_TASK DETAILS_:
The entries below are to be copied exactly, with every picture left out.

_GIVEN RECORDS_:
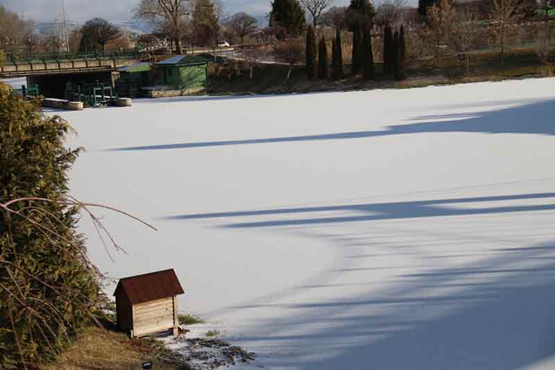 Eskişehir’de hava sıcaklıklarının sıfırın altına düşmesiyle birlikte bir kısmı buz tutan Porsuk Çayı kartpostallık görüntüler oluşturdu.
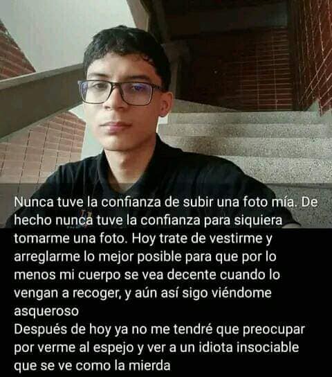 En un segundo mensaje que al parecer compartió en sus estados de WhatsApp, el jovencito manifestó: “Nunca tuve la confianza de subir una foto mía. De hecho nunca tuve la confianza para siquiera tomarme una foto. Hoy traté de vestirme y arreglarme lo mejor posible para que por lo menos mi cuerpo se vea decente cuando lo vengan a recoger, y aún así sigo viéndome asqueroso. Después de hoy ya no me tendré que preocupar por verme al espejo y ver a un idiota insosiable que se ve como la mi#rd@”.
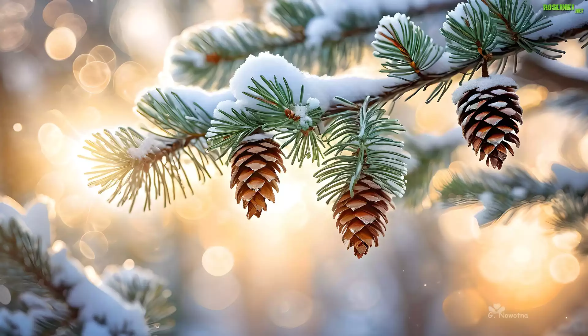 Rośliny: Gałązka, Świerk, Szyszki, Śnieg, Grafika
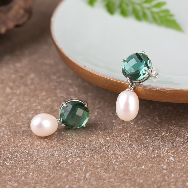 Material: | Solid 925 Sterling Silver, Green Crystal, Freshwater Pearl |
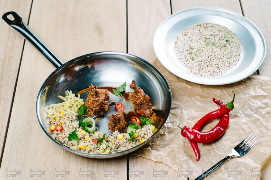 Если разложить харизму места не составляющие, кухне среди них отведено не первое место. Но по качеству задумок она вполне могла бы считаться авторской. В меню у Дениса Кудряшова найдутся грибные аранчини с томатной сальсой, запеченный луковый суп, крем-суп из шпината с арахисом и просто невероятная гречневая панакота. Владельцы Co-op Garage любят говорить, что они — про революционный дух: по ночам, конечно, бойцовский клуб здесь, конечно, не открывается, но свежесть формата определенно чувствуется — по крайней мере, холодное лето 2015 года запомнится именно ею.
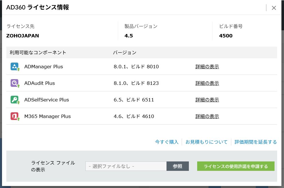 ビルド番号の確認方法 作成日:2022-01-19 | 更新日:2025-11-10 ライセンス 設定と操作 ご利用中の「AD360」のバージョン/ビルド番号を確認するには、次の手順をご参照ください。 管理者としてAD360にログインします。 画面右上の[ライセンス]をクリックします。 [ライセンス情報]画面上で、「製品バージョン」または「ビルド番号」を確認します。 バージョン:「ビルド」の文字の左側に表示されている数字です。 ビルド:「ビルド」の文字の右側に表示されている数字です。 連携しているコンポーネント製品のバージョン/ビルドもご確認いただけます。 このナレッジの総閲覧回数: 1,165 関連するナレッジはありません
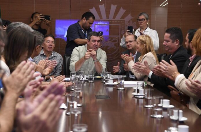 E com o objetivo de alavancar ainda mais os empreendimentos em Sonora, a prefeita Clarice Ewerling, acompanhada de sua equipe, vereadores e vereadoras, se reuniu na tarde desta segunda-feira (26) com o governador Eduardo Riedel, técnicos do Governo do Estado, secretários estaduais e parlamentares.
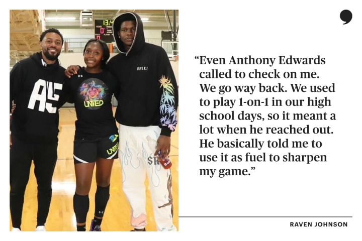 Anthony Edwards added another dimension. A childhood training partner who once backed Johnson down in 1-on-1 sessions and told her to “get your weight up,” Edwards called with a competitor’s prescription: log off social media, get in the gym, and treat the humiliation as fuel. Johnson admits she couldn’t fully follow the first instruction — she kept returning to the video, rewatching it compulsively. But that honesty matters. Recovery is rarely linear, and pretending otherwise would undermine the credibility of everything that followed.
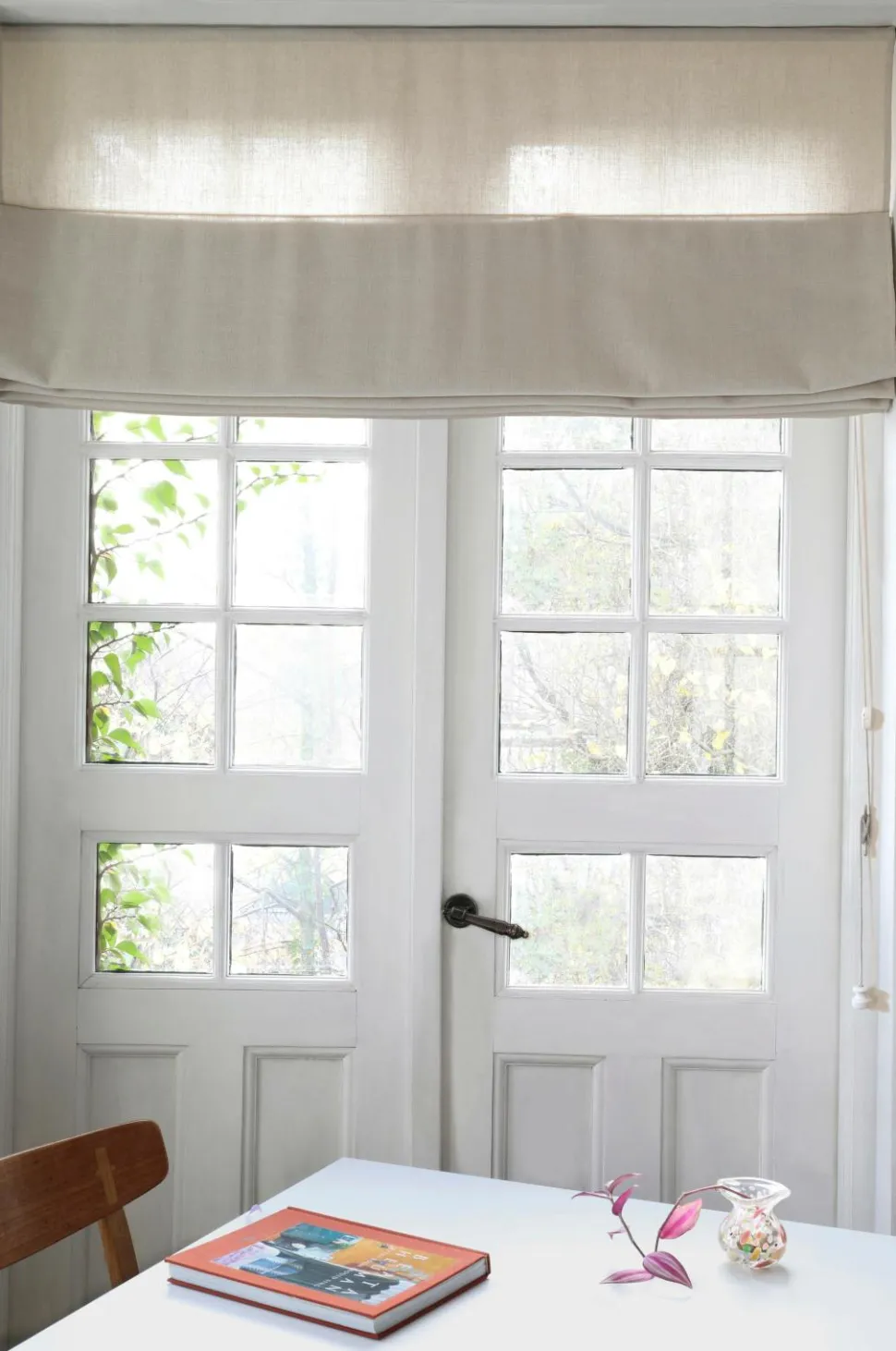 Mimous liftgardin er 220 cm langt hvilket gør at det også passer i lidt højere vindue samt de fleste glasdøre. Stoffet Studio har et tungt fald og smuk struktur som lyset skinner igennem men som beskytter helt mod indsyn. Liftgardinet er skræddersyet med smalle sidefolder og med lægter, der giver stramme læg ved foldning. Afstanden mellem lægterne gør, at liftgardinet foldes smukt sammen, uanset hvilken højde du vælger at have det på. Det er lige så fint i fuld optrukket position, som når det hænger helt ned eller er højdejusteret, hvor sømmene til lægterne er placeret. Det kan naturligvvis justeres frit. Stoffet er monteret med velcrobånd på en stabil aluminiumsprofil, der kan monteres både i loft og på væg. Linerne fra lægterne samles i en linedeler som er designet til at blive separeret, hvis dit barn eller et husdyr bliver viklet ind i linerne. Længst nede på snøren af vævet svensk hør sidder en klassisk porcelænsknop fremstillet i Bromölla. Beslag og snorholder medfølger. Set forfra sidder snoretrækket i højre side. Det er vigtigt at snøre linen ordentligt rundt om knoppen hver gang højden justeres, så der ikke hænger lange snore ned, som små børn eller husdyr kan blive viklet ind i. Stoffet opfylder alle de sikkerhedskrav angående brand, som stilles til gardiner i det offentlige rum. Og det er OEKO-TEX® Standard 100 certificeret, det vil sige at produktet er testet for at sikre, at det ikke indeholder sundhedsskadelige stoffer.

_FINAL ANSWER_:
 Eskişehir’de hava sıcaklıklarının sıfırın altına düşmesiyle birlikte bir kısmı buz tutan Porsuk Çayı kartpostallık görüntüler oluşturdu.
 En un segundo mensaje que al parecer compartió en sus estados de WhatsApp, el jovencito manifestó: “Nunca tuve la confianza de subir una foto mía. De hecho nunca tuve la confianza para siquiera tomarme una foto. Hoy traté de vestirme y arreglarme lo mejor posible para que por lo menos mi cuerpo se vea decente cuando lo vengan a recoger, y aún así sigo viéndome asqueroso. Después de hoy ya no me tendré que preocupar por verme al espejo y ver a un idiota insosiable que se ve como la mi#rd@”.
 Rośliny: Gałązka, Świerk, Szyszki, Śnieg, Grafika
 Material: | Solid 925 Sterling Silver, Green Crystal, Freshwater Pearl |
 Если разложить харизму места не составляющие, кухне среди них отведено не первое место. Но по качеству задумок она вполне могла бы считаться авторской. В меню у Дениса Кудряшова найдутся грибные аранчини с томатной сальсой, запеченный луковый суп, крем-суп из шпината с арахисом и просто невероятная гречневая панакота. Владельцы Co-op Garage любят говорить, что они — про революционный дух: по ночам, конечно, бойцовский клуб здесь, конечно, не открывается, но свежесть формата определенно чувствуется — по крайней мере, холодное лето 2015 года запомнится именно ею.
 ビルド番号の確認方法 作成日:2022-01-19 | 更新日:2025-11-10 ライセンス 設定と操作 ご利用中の「AD360」のバージョン/ビルド番号を確認するには、次の手順をご参照ください。 管理者としてAD360にログインします。 画面右上の[ライセンス]をクリックします。 [ライセンス情報]画面上で、「製品バージョン」または「ビルド番号」を確認します。 バージョン:「ビルド」の文字の左側に表示されている数字です。 ビルド:「ビルド」の文字の右側に表示されている数字です。 連携しているコンポーネント製品のバージョン/ビルドもご確認いただけます。 このナレッジの総閲覧回数: 1,165 関連するナレッジはありません
 E com o objetivo de alavancar ainda mais os empreendimentos em Sonora, a prefeita Clarice Ewerling, acompanhada de sua equipe, vereadores e vereadoras, se reuniu na tarde desta segunda-feira (26) com o governador Eduardo Riedel, técnicos do Governo do Estado, secretários estaduais e parlamentares.
 Anthony Edwards added another dimension. A childhood training partner who once backed Johnson down in 1-on-1 sessions and told her to “get your weight up,” Edwards called with a competitor’s prescription: log off social media, get in the gym, and treat the humiliation as fuel. Johnson admits she couldn’t fully follow the first instruction — she kept returning to the video, rewatching it compulsively. But that honesty matters. Recovery is rarely linear, and pretending otherwise would undermine the credibility of everything that followed.
 Mimous liftgardin er 220 cm langt hvilket gør at det også passer i lidt højere vindue samt de fleste glasdøre. Stoffet Studio har et tungt fald og smuk struktur som lyset skinner igennem men som beskytter helt mod indsyn. Liftgardinet er skræddersyet med smalle sidefolder og med lægter, der giver stramme læg ved foldning. Afstanden mellem lægterne gør, at liftgardinet foldes smukt sammen, uanset hvilken højde du vælger at have det på. Det er lige så fint i fuld optrukket position, som når det hænger helt ned eller er højdejusteret, hvor sømmene til lægterne er placeret. Det kan naturligvvis justeres frit. Stoffet er monteret med velcrobånd på en stabil aluminiumsprofil, der kan monteres både i loft og på væg. Linerne fra lægterne samles i en linedeler som er designet til at blive separeret, hvis dit barn eller et husdyr bliver viklet ind i linerne. Længst nede på snøren af vævet svensk hør sidder en klassisk porcelænsknop fremstillet i Bromölla. Beslag og snorholder medfølger. Set forfra sidder snoretrækket i højre side. Det er vigtigt at snøre linen ordentligt rundt om knoppen hver gang højden justeres, så der ikke hænger lange snore ned, som små børn eller husdyr kan blive viklet ind i. Stoffet opfylder alle de sikkerhedskrav angående brand, som stilles til gardiner i det offentlige rum. Og det er OEKO-TEX® Standard 100 certificeret, det vil sige at produktet er testet for at sikre, at det ikke indeholder sundhedsskadelige stoffer.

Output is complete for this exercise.